Collected data entries:
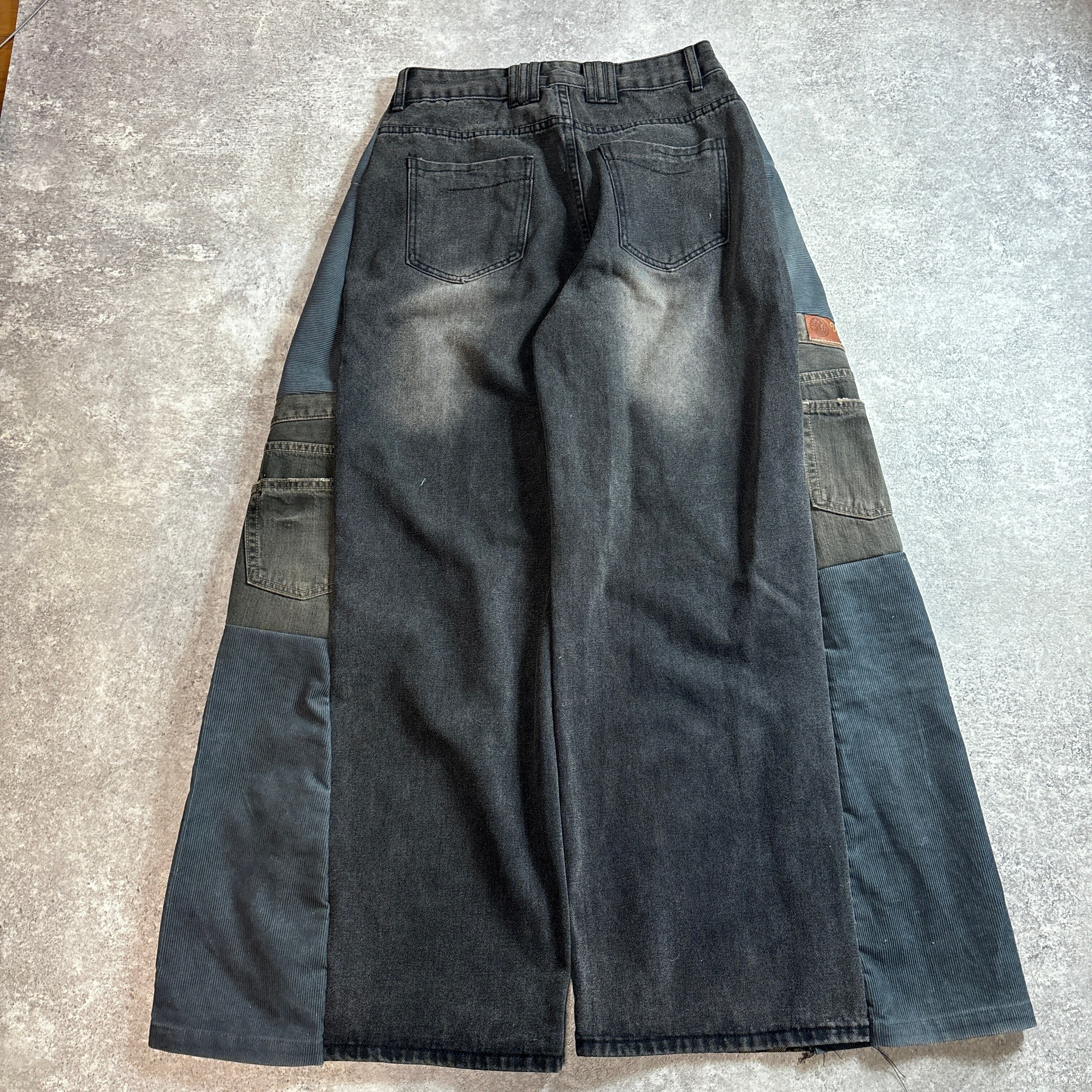 レオパード切替 デニムパンツ 再構築 ワイド フレア ブラック
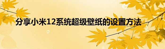 现在大家使用手机的频率越来越频繁,手机也为我们提供了许多的便利,今天小编也来说一下这个分享小米12系统超级壁纸的设置方法相关的文章,这个操作其实不复杂,接下来就给大家介绍一下分享小米12系统超级壁纸的设置方法,一起来看看吧:
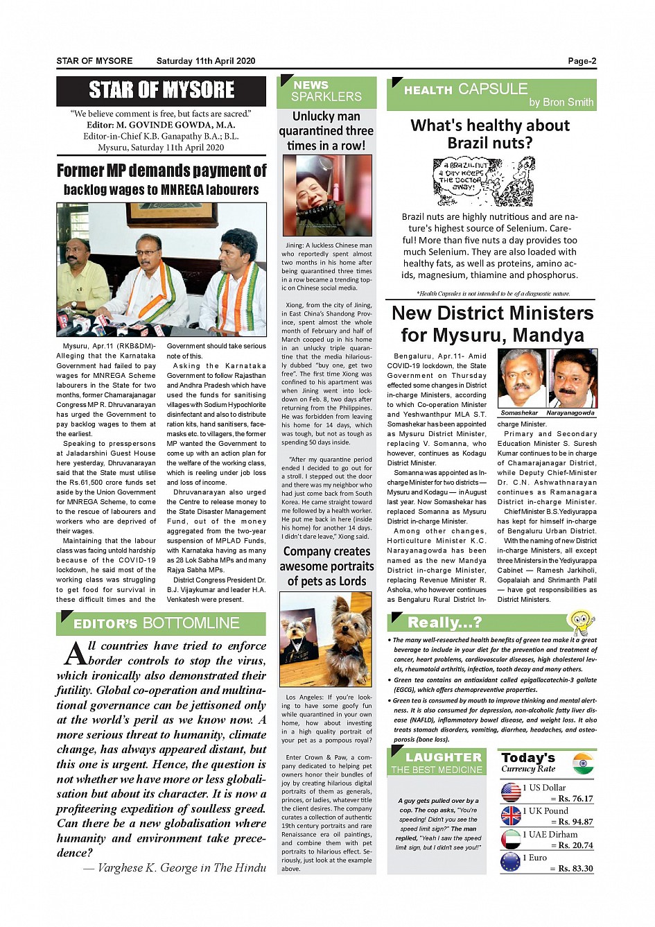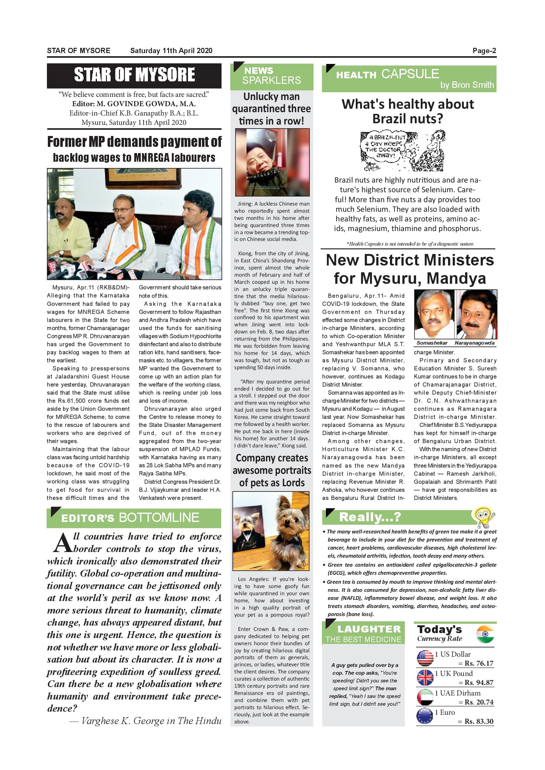 Star of Mysore Page: 2 April 11, 2020 << First << 2 >> Last >> Page 1Page 2Page 3Page 4Page 5Page 6Page 7Page 8 × Star of Mysore << First << 2 >> Last >> page-001page-002page-003page-004page-005page-006page-007page-008 page-002
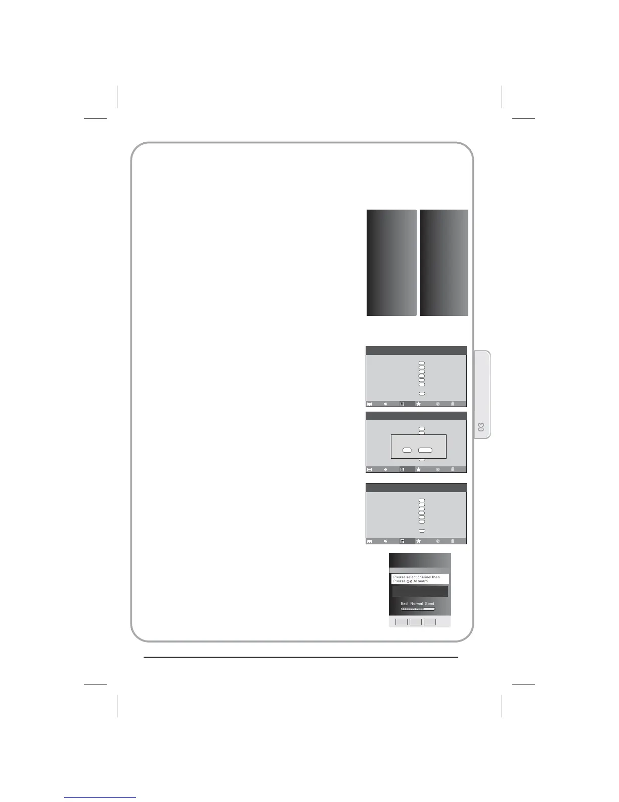 Druk op MENU; u kunt aangeven of u TV/DTV Search
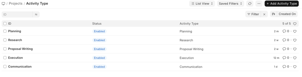 By default, the following Activity Types are created in Mjara ERP.
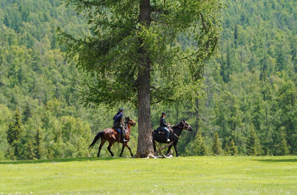 在新疆阿勒泰地區(qū)哈巴河縣,游客在騎馬。新華社記者 阿曼 攝
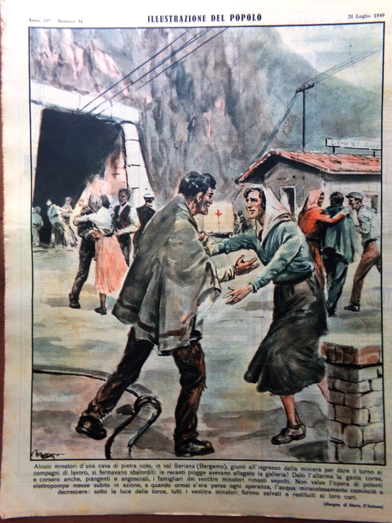 Alcuni minatori d'una cava di pietra cote, in val Seriana (Bergamo), giunti all'ingresso della miniera per dare il turno ai compagni di lavoro, si fermavano sbalorditi: le reecenti piogge avevano allagato la galleria! Dato l'allarme la gente corse, e corsero anche, piangenti e angosciati, i famigliari dei ventitre minatori rimasti sepolti. Non valse l'opera di potenti elettropompe messe subito in azione, e quando ormai s'era persa ogni speranza, l'acqua miracolosamente cominciò a decrescere: sotto la luce delle torce, tutti i ventitre minatori furono salvati e restituiti ai loro cari (Mario D'Antona)
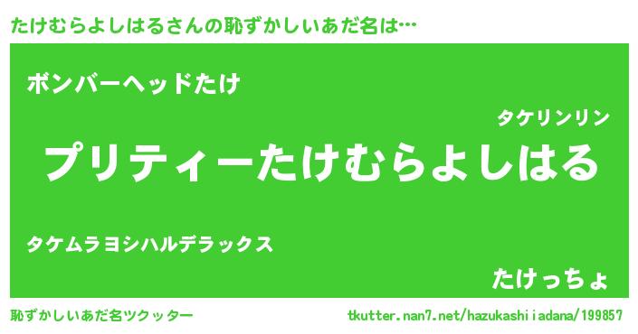 | ヘコむあだ名 | 『たけにゅー』『牛乳』『たけぷりん』 |
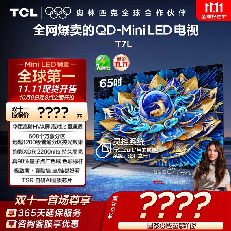 TCL电视 65T7L 65英寸 QD-Mini LED 华星高阶HVA屏 万象分区 绚彩XDR2200nits 超薄 国家补贴
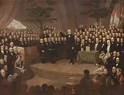- ^ The Mechanics' and Farmers' Bank of Albany's first charter expired in 1833 and the second charter expired in 1853, upon which the bank closed up its affairs and the stockholders received 115% besides their stock in the new bank, which renewed the charter for twenty years and went into operation again with the same officers. During the Civil War, the bank closed up its affairs and organized in 1865 under the National Bank Act, having previously operated as a state bank. In 1868, the bank again was chartered under state banking laws, abandoning the national system.[2]
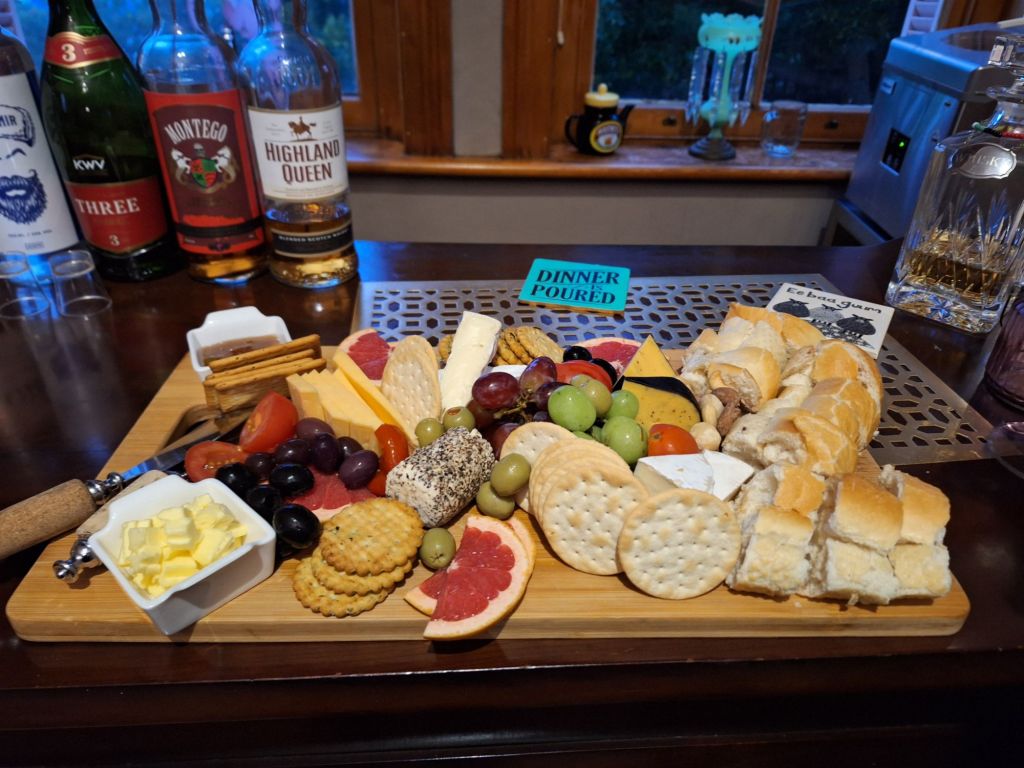 In Mossel Bay Nieselregen. Aber Bettys Boutique Hotel ist eine Wucht. Das Haus wurde 1903 erbaut und von den jetzigen Eigentümern, einer Familie aus Yorkshire, in 2017 erworben. Alles sehr englisch! Wir Essen eine vorbestellte Käseplatte zu Abend, trinken leckeren Weißwein und spielen eine Runde Billard.
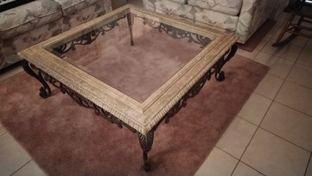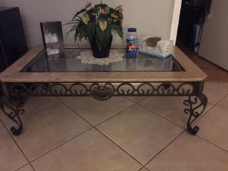 Glass And Iron Wrought Coffee Table With Stone Insert Original Cost $399$200Palm Beach Gardens, FL

To do
Where the data contains images, drop them and print the rest exactly.

Exercise solution
 レオパード切替 デニムパンツ 再構築 ワイド フレア ブラック
 现在大家使用手机的频率越来越频繁,手机也为我们提供了许多的便利,今天小编也来说一下这个分享小米12系统超级壁纸的设置方法相关的文章,这个操作其实不复杂,接下来就给大家介绍一下分享小米12系统超级壁纸的设置方法,一起来看看吧:
 Star of Mysore Page: 2 April 11, 2020 << First << 2 >> Last >> Page 1Page 2Page 3Page 4Page 5Page 6Page 7Page 8 × Star of Mysore << First << 2 >> Last >> page-001page-002page-003page-004page-005page-006page-007page-008 page-002
 Druk op MENU; u kunt aangeven of u TV/DTV Search
 By default, the following Activity Types are created in Mjara ERP.
 在新疆阿勒泰地區(qū)哈巴河縣,游客在騎馬。新華社記者 阿曼 攝
 Alcuni minatori d'una cava di pietra cote, in val Seriana (Bergamo), giunti all'ingresso della miniera per dare il turno ai compagni di lavoro, si fermavano sbalorditi: le reecenti piogge avevano allagato la galleria! Dato l'allarme la gente corse, e corsero anche, piangenti e angosciati, i famigliari dei ventitre minatori rimasti sepolti. Non valse l'opera di potenti elettropompe messe subito in azione, e quando ormai s'era persa ogni speranza, l'acqua miracolosamente cominciò a decrescere: sotto la luce delle torce, tutti i ventitre minatori furono salvati e restituiti ai loro cari (Mario D'Antona)
 | ヘコむあだ名 | 『たけにゅー』『牛乳』『たけぷりん』 |
 TCL电视 65T7L 65英寸 QD-Mini LED 华星高阶HVA屏 万象分区 绚彩XDR2200nits 超薄 国家补贴
- ^ The Mechanics' and Farmers' Bank of Albany's first charter expired in 1833 and the second charter expired in 1853, upon which the bank closed up its affairs and the stockholders received 115% besides their stock in the new bank, which renewed the charter for twenty years and went into operation again with the same officers. During the Civil War, the bank closed up its affairs and organized in 1865 under the National Bank Act, having previously operated as a state bank. In 1868, the bank again was chartered under state banking laws, abandoning the national system.[2]
 In Mossel Bay Nieselregen. Aber Bettys Boutique Hotel ist eine Wucht. Das Haus wurde 1903 erbaut und von den jetzigen Eigentümern, einer Familie aus Yorkshire, in 2017 erworben. Alles sehr englisch! Wir Essen eine vorbestellte Käseplatte zu Abend, trinken leckeren Weißwein und spielen eine Runde Billard.
 Glass And Iron Wrought Coffee Table With Stone Insert Original Cost $399$200Palm Beach Gardens, FL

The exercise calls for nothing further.